* [Information shown]:
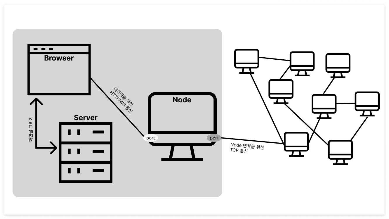 - 다른 노드와의 상호작용을 위한 TCP 통신을 이용한다.
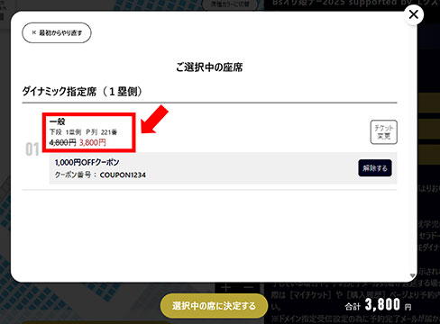 (4)チケット価格が値引きされていることを確認し、「選択中の席に決定する」ボタンをクリック
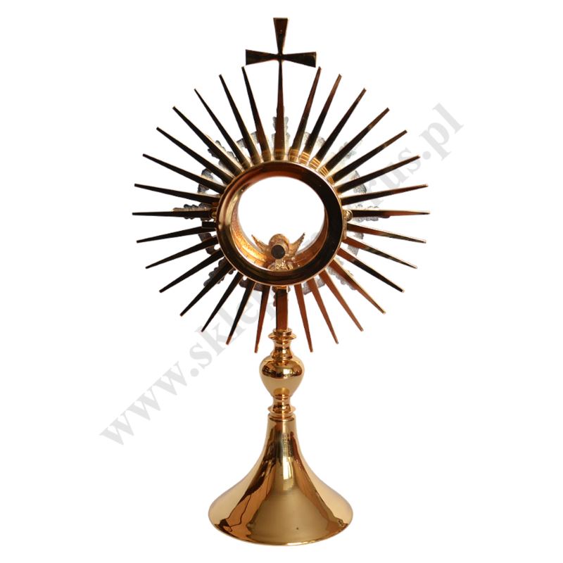 Monstrancja wykonana z odlewu mosiężnego, złoconego, elementy zdobnicze srebrzone. Wysokość monstrancji 42 cm, szerokość 24 cm, średnica w podstawie 12.5 cm, średnica luny na monstrancje 6.8 cm. W komplecie melchizedek.

* [Exercise objective]:
Output, word for word, the full listing above, with no pictures.

* [Answer space]:
 - 다른 노드와의 상호작용을 위한 TCP 통신을 이용한다.
 (4)チケット価格が値引きされていることを確認し、「選択中の席に決定する」ボタンをクリック
 Monstrancja wykonana z odlewu mosiężnego, złoconego, elementy zdobnicze srebrzone. Wysokość monstrancji 42 cm, szerokość 24 cm, średnica w podstawie 12.5 cm, średnica luny na monstrancje 6.8 cm. W komplecie melchizedek.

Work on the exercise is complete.